На протяжении трех последних десятилетий я входил в руководящие органы Союза писателей СССР и Союза писателей РСФСР, участвовал в работе писательских съездов, пленумов, конференций, "круглых столов", в Днях советской литературы, проходивших в братских республиках Союза и за рубежом. Довелось мне быть и делегатом последнего (по счету) девятого съезда писателей России, прошедшего в июне 1994 года.

Так что работу писательского Союза я знаю не понаслышке, не по газетным статьям и телевизионным передачам. Потому и беру на себя смелость попытаться ответить на вопрос "а как живет сейчас Союз писателей?"

До падения Советской Державы Союз писателей СССР был могутной, авторитетной, влиятельной творческой и идеологической организацией страны. Он объединял около семи тысяч профессиональных прозаиков, поэтов, драматургов, критиков, литературоведов, переводчиков. Союз имел собственное издательство ("Советский писатель"), много литературно-художественных журналов, газет, поддерживал международные связи с писательскими организациями всего мира. Словом, это был своеобразный литературный Ватикан, государство в государстве, со своими нравами и порядком, со своим, знаменитым на всю Москву, рестораном, своими писательскими "домами творчества", а проще говоря, домами отдыха в Пицунде и Коктебеле, Одессе и Ялте, на Рижском взморье и в других столь же приятных местах, где за сносную плату писатель мог отдохнуть с семьей и при желании поработать.

Правление Союза писателей СССР занимало старинную усадьбу в самом центре Москвы, на тихой улочке Воровского, что накоротко соединяет Садовое кольцо с Арбатом. Улочка зеленая, малолюдная, нешумная, нашпигованная посольскими особнячками, меж которых чужеродными выглядели прокуратура Союза и гнесинский институт.

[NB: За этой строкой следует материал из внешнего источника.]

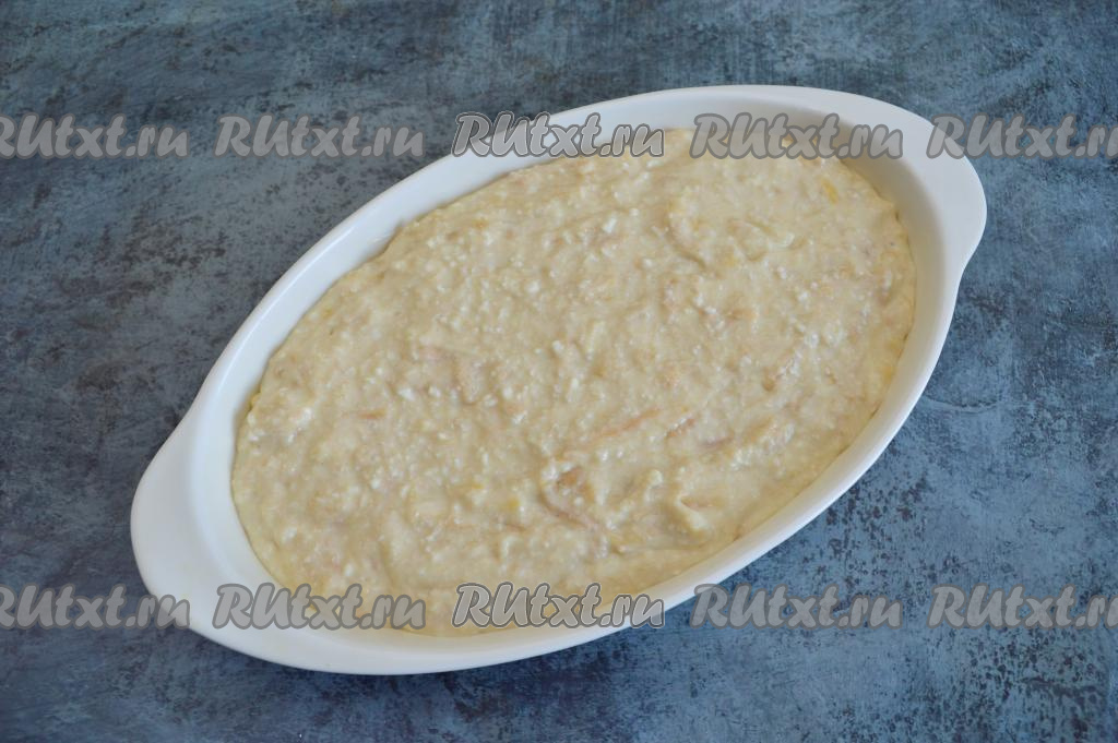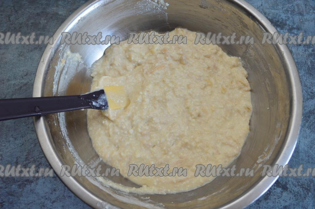 Творожное тесто для приготовления запеканки с яблоком и бананом должно получиться однородным, напоминающим сметану средней густоты. Тесто будет медленно стекать с ложки.

Я любил эту старинную спокойную улицу и наш писательский особняк, где всегда встречали тебя доброжелательной улыбкой, приветливым словом, крепким дружеским рукопожатием. Здесь можно было всегда скоротать время за приятной беседой, вкусно и недорого пообедать, получить направление в лучшую гостиницу Москвы, бронь на железнодорожный или авиационный билет.

Почти тридцать лет Союз писателей СССР возглавлял Георгий Мокеевич Марков, сперва он делал это на правах заместителя Федина, а с 1971 года стал официально первым секретарем СП СССР. Потомственный сибиряк, сын таежного охотника из Причулымья (Томская область), Георгий Мокеевич на всю жизнь сохранил черты сибирского характера: сдержанность, верность слову, уважительное отношение к людям, неиссякаемую работоспособность, безмерную любовь к Родине, к родной земле, к Сибири и ее природе.

Не стану перечислять все его звания и награды: это займет слишком много места. Да и при теперешнем буйно расцветшем снобизме и нигилизме стоит ли говорить, например, о том, что Марков был дважды Герой Социалистического Труда, Лауреат Ленинской и многих иных премий? И о его романах, изданных в тридцати ведущих странах мира, тоже вряд ли нужно говорить.

Заокеанские и доморощенные истребители нашей культуры теперь из кожи лезут, лишь бы правдами и неправдами убедить просвещенный мир, а прежде всего и главным образом тех, кому сейчас семнадцать, кто составляет ядро нынешней российской молодежи, убедить в том, что никакой великой советской литературы не было и нет, как не было и нет великой Советской державы, не было и нет непобедимой, несокрушимой Советской Армии, не было и нет героических, потрясших мир побед и свершений советского народа...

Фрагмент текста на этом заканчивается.